Sunday, April 08, 2012

not so great with child

i can't complain but sometimes i still do.
i've hit 36 weeks of pregnancy. 
or should i say, it has hit me.

the darth vader breathing(keeping poor thomas up all night).
the fat feet and fingers.
the shortness of breath when i reach the top of the stairs. 
the nightly pants-off dance-off because i'm swollen and even loose pants require a shimmy. 
the unruly emotions that i should probably obtain a permit to posses because one of these days someone is going to lose an eye. 

a few things that drive me nuts:

1. i always seem to get stuck behind this grandma on the way to school. she drives 20 in a 35 and has at least 7 cars piled up behind her. 

2. no one in our little town seems to understand how to stop at a 3 way stop. this is just a glimpse of how many cars are waiting to improperly stop at this intersection. this has brought me to tears on more than one occasion.

3. this fairly new and mostly reliable vacuum has broken it's belt 5 times in the last month. it may be due to my obsessive pregnancy cleaning. i've cried about this too.

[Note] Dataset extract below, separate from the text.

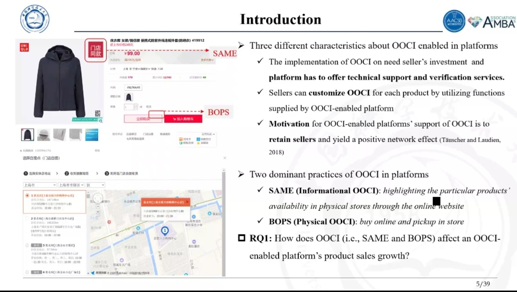 刘教授以《How Can Platform Compete in Omni-channel Retailing?Considering the Role of Inter-Platform Function Usage Difference》为题作了报告。报告内容主要从跨渠道营销入手,对线上到线下渠道整合(OOCI)的影响效应进行了分析。虽然OOCI能够提高客户到实体店消费的意愿,但这使得电商平台不仅面临着来自于其他平台的竞争,还面临着零售商实体店的竞争。刘教授在会上详细介绍了该项研究工作的背景、相关文献和数据来源。研究分析了248家在线零售商的数据,使用了倾向得分匹配和多级线性模型,剖析了零售商差异化功能使用策略在多个平台中的重要作用。

4. i banished this seemly innocuous desk chair to the storage closet because it kept following me around the house and getting stuck under my feet. every time i turned around one of the kids had pushed it into the kitchen and left it there. i think it started to do it on it own. it's lucky i only put it in storage and not out in the street.

on a postiive note, i did repaint another room in the house. like the baby's room, it's also gray. because i love gray. soon everything will be gray. because gray doesn't bother me like other things in this house.

heuvos grandes

reagan thought it would be funny to take scissors to his hair:

so we had to go PAY ACTUAL CASH MONEY for this debacle of a haircut to try and get it "fixed:", when in actuality is it merely shorter, not better:
this was as good as it was going to get for easter finery pictures:
1. messy hair
2. flip flops
3. terrible haircut. reagan is going to enlist in the army tomorrow. he'll fit right in.
i promise we pulled it together with actual shoes and hair bows for church, even me. though i'm down to 3 shirts that still fit and shoes are not my fatty feet's favorite thing. 

scarlett did ask why the easter bunny reused the same baskets from last year. because the simpson easter bunny is cheap, that's why.


post-church hangover:

and a chocolate dude bunny was specially requested and made an appearance for the 2nd year in a row:
and while we are so far from family, it is nice to be able to enjoy my little bunch on one of the most important days of the year.